Yes, the Saxo Bic. Bic as in the company best known for making three very useful and humble disposable things: razors, lighters, and pens. Citroën was pretty discriminating here, since they seem to be focused on just the disposable ball point pen aspect of Bic for their little hatchback, because having a special edition car based on a lighter or razor would be ridiculous, right? Not like a disposable pen, which, of course, makes a metric crapload of sense.


Everything about this fascinates me. No slight to the classic Bic ballpoint pen, which is really an under-appreciated design icon, one of the few objects that I suspect nearly everybody has handled extensively and is intimately familiar with, in a gut-level, tactile way. I know the contours of that cap by feel, in my hand or even mouth, and I’ve employed that cap to cover ball point tips and clean ears and act as a spaceship to fight boring-class ennui more times than I can count. You could argue that these pens are one of the defining objects of modern life.


At the same time, they’re so common and worthless as to be forgettable. I suspect they’re one of those things that, for normal people, you’ve owned hundreds of them, and very likely only actually bought a tiny fraction. Because mostly you just find them in drawers or on tables or windowsills, and that’s just fine. I’m not even sure “owned” is the right word for Bic pens; they enter your life as needed, and then just disappear, somehow, only to be summoned again, somehow, at your next time of need.

Saxobics Ext

So, how did Bic pens end up as a theme for a special edition of a car? Were the Q-Tip people not returning any calls? The prima donnas at Ziploc were too difficult to work with? Maybe focus groups found that Acco paper clips just weren’t resonating with the youths anymore? Whatever it was, Bic ball-point pens won the day, and so got their special edition Saxo.

As far as what special edition meant in this context, it doesn’t seem like Citroën busted their collective ass too hard to make this happen. The car was the basic Saxo – a tidy little transverse-engined car that was a badge-engineered sibling to the Peugeot 106. By Citroën standards, it’s quite a conventional little car, and could be had with a variety of inline-four engines ranging from 1-liter/50 horsepower to a ravenous 1.6-liter/120 hp hot version.
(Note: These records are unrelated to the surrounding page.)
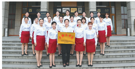
秦始皇陵博物院社会教育部 所获荣誉:全国语言文字工作先进集体、全国巾帼文明岗 奋斗格言:守护中华文明精神标识,讲好世界遗产故事!

“有理想就不会碌碌无为!”展望未来,美好的日子正等着我们去奋斗,企业发展人人有责,只要我们大家共同努力,生活就会更加美好,幸福指数就会继续提升!
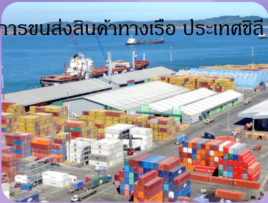
การขนส่งสินค้าทางเรือ ประเทศชิลี
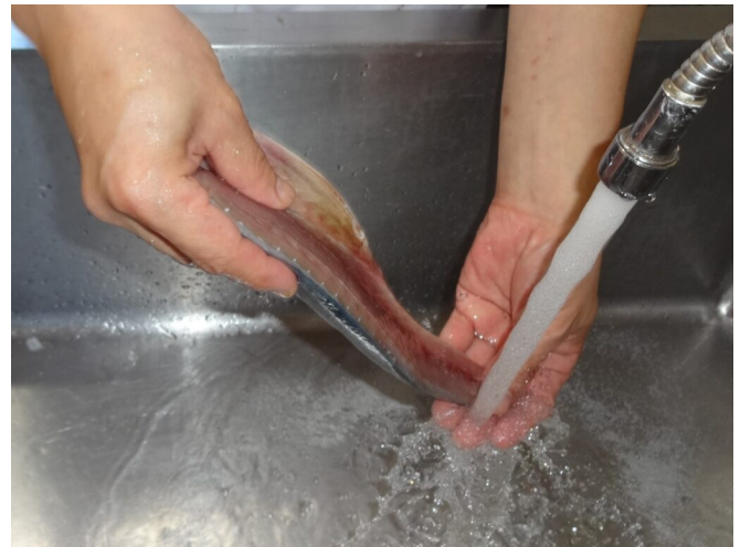
写真6 塩抜き作業

酢じめ： 米酢または米酢に砂糖、うま味調味料等を加えた合わせ酢に30分～2時間、身と皮の表面が少し白くなる程度に漬ける。
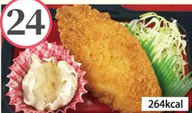
白身魚フライ 肉焼売、焼きピーマン
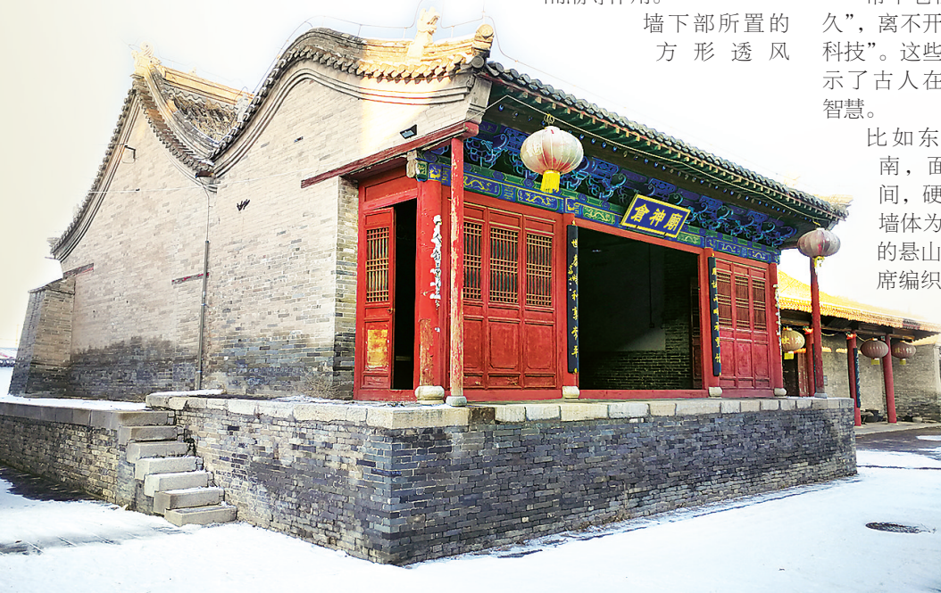
位于蔚县常平仓内的仓神庙。
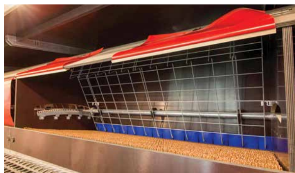
Zamknięcie gniazda z systemem RDE (Rack-Drive Expulsion — system usuwania kur z gniazda z ruchomym stelażem)

Innowacyjną cechą systemu VIKE™ jest system usuwania kur z gniazd z ruchomym stelażem (Rack-Drive Expulsion – RDE), który delikatnie wypycha ptaki z gniazda po złożeniu jaj, zapobiegając tym samym przesiadywaniu kur w gniazdach przez cały czas. System RDE pomaga chronić jaja, gdy kolektor jest włączony, oddalając się nieco od tylnej części gniazda tak, aby ptaki nie mogły dosięgnąć przesuwanych jaj. Dzięki temu maksymalizuje się procent czystych jaj klasy A.
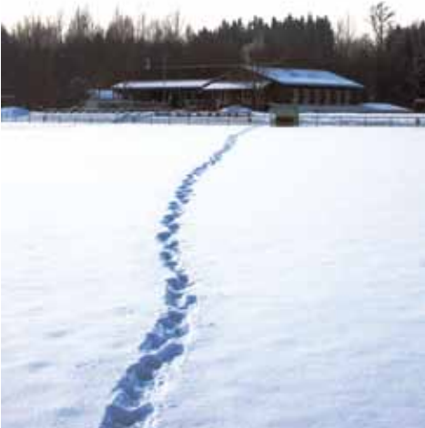
Eingeschnittenes Vereinsgelände im Februar 2010

Turnen für Kinder, Skikurse, Gymnastikstunden, Leichtathletik und Sportabzeichen, Fußball (10 Nachwuchsmannschaften!), Walking und vieles mehr. Dafür braucht man Platz. Das räumliche Ressourcenproblem hat sich mit der Wandlung der Schule in Stephanskirchen in eine offene Ganztageschule mit der entsprechenden Nachmittagsbetreuung (Hallenzeiten wurden für den Verein reduziert) und dem starken Zulauf in der Abteilung Fußball verschärft. Das Projekt Kunstrasenplatz, das in 2009 aufgrund der finanziellen Situation zugunsten dringenderer Anliegen in der Gemeinde im Haushalt zurückgestellt wurde, wird in 2011 nach der deutlichen Erholung in den Gewerbesteuererinnahmen wieder aufgenommen.
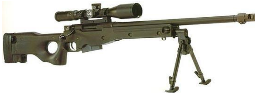
Figura 6: Pușca cu lunetă numite Accuracy International Arctic Warfare (AI AW) calibru 7.62x51mm.

La începutul anilor 90, compania „Accuracy International” a început proiectarea generație doi de puști cu lunetă numite AW „Arctic Warfare” (fig. 6), permițându-i să fie folosit în condițiile de temperatură din Arctica.

The Saxo Bic edition I don’t think ever got that engine, instead having a choice of four engines (1.0, 1.1, 1.4, and a 1.5-liter diesel) and a few things to make it Bic-style: little Bic badges in the side molding strips, a decal of the little ball-headed BIC guy (officially known as the Bic Schoolboy, it seems or just BIC Boy) on the C-pillars, a bright yellow shift knob and little yellow balls on the door locking knobs. Also, there was the colorful casino-carpet-style “Tetoubo” upholstery with yellow piping all around, and, most oddly, each seat belt was a different color. Oh, and the car itself could be had in one of six colors: white, silver, green, blue, red, or orange, the color closest to the iconic plastic pen, I think.


Bicsaxo Stuf

I suppose that’s a reasonable set of things to define a special edition car? And yet, it’s worth remembering that this was a special edition to commemorate a pen. And not like a Mont Blanc or something swanky like that, a fucking disposable Bic pen. I’ve been writing about this for paragraphs and I’m still amazed.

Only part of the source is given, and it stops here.